South African strikes set to spread

Miners could join the strike if talks break down

More than 10,000 South African telecommunications and postal workers have gone on strike over wages, and other unions are planning industrial action during the coming week.

The strike began after the Communications Workers' Union, CWU, failed to break a stalemate in wage talks with the partly-privatised telecommunications company Telkom, and the Post Office.

The CWU wants a pay increase of up to 14% instead of the 8.1% offered by employers.


[ image: Telephone services were not expected to be disrupted]
Telephone services were not expected to be disrupted
CWU General-Secretary Seleboho Kiti said the strike would be a "week-long action".

"The end to it will be dictated by what comes out of the talks when the employers decide to meet with us," he said.

Telkom spokeswoman Amanda Singleton said about 10,000 of out of Telkom's 59,000 workers were not at work on Monday.

She said the information desks would be hardest-hit by the strike.

Negotiations over mine strike

As the strike continued, National Union of Mineworkers officials were due to meet mine managers in talks aimed at averting a strike which the NUM has planned for Tuesday.

Gold mines have recently cut back their operations because of a plunging gold price.

"We don't believe the gold price can be used as a legitimate reason not to give miners a reasonable increase," an NUM spokesman said.

State workers threaten action

A further 12 unions are discussing plans for a one-day strike in protest at the government's decision to end wage talks covering public sector workers and to impose a pay increase which falls short of union demands.

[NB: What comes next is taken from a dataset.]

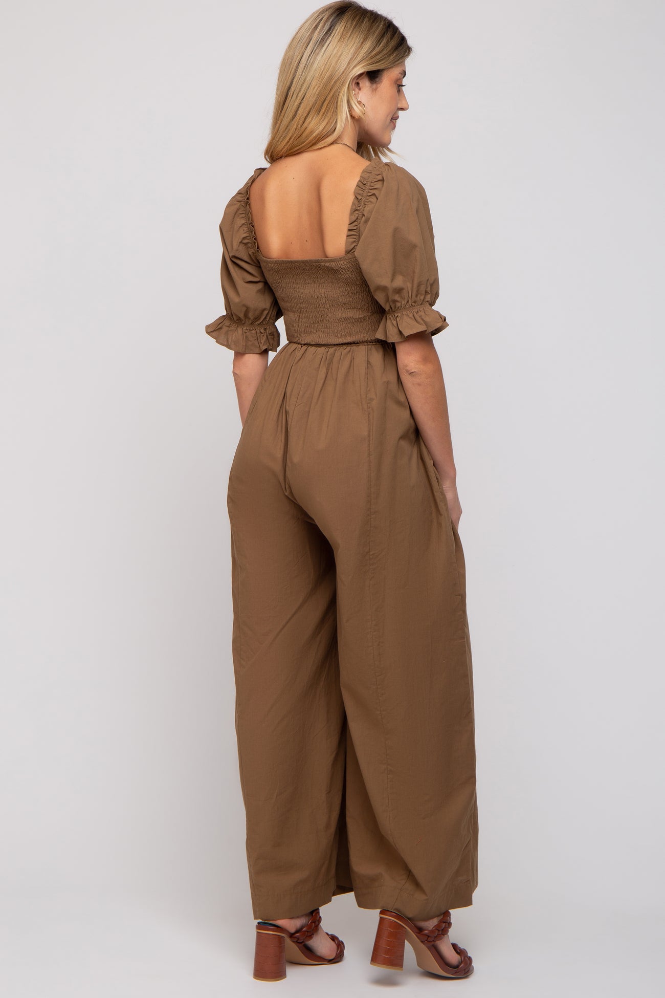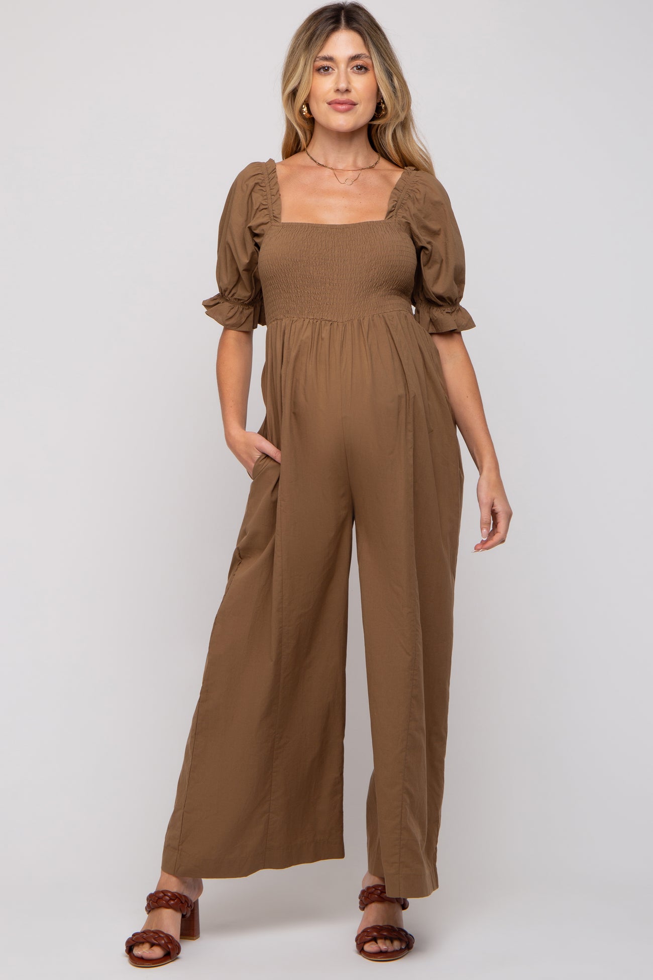 Brown Smocked Square Neck Wide Leg Maternity Jumpsuit

The 12 unions represent 1.1 million government workers, including nurses, police and teachers.

Last month more than 150,000 government employees - most of them teachers - downed tools after failing to reach a wage agreement with their employers.

The strike was the first major challenge to the government of President Thabo Mbeki which took office in June, and which is forced to tread a fine line between fiscal prudence and the demands of its traditional ally, the Confederation of South African Trade Unions (Cosatu).